History and culture - Eastern Plains
Old Threshers Day in Yuma: a harvest run on steam
Each year the weekend following Labor Day, Yuma fires up antique steam engines and threshing machines and works real wheat the old way, twice a day.
Published June 10, 2026 - Last verified June 15, 2026
Most farm shows park their old machines in a row and let you read a plaque. Yuma does the opposite. The weekend following Labor Day, the Old Threshers grounds and the adjoining county fairgrounds come alive with antique steam engines and tractors that actually run, pulling belts, sawing lumber, and feeding grain into a threshing machine the way crews did a century ago. The organizers say all of the old equipment — horse-drawn, oxen, steam, and early gas tractors — is used as it was meant to be used.
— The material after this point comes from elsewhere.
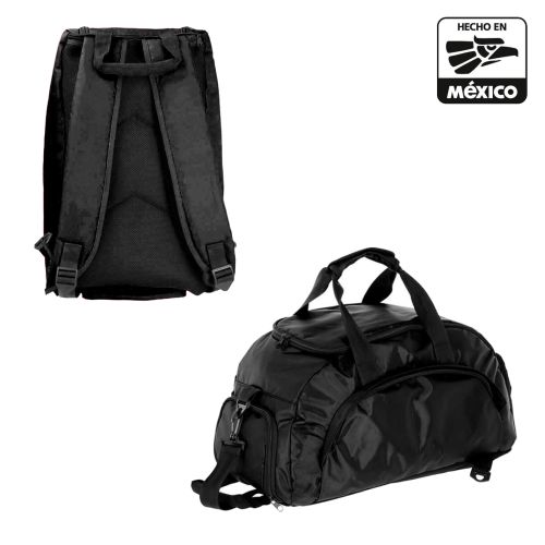 Maleta deportiva que se convierte en mochila; con 2 broches de seguridad ajustables y tirantes acolchonados. Incluye zapatera y dos compartimentos exteriores; asas y correa ajustable.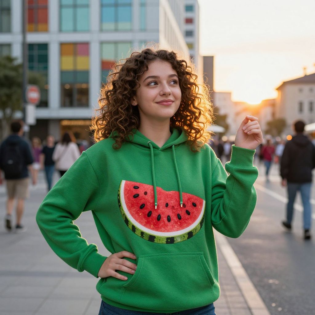 A young woman with curly brown hair and warm, friendly eyes stands on a bustling city street, wearing a vibrant green watermelon hoodie featuring a large, detailed watermelon slice on the front. She has a relaxed, joyful expression, one hand resting on her hip while the other is slightly raised as if pointing toward the sky. The background shows a modern building with colorful windows and a faint sunset casting golden light across the street. The scene is bright and lively, with pedestrians walking by and a subtle hint of summer atmosphere.

The centerpiece is the wheat threshing itself, run twice daily starting around 10 a.m. on Saturday and Sunday, with a 1936 Case threshing machine and an 1894 sawmill among the rigs in motion. The show has grown from a small neighborly demonstration into a three-day event that draws over 5,000 people and more than 130 exhibitors from many states. Admission is free, parking is free, and there are free shuttles, plus kids’ games and a petting zoo.
If you want the rest of Yuma County’s farm-and-ranch calendar, the Yuma County Fair and its rodeo round out the season; the county says it has built a regional reputation for the fair since 1915. For this year’s exact dates and the daily demonstration schedule, check the official show site at yumaoldthreshers.org.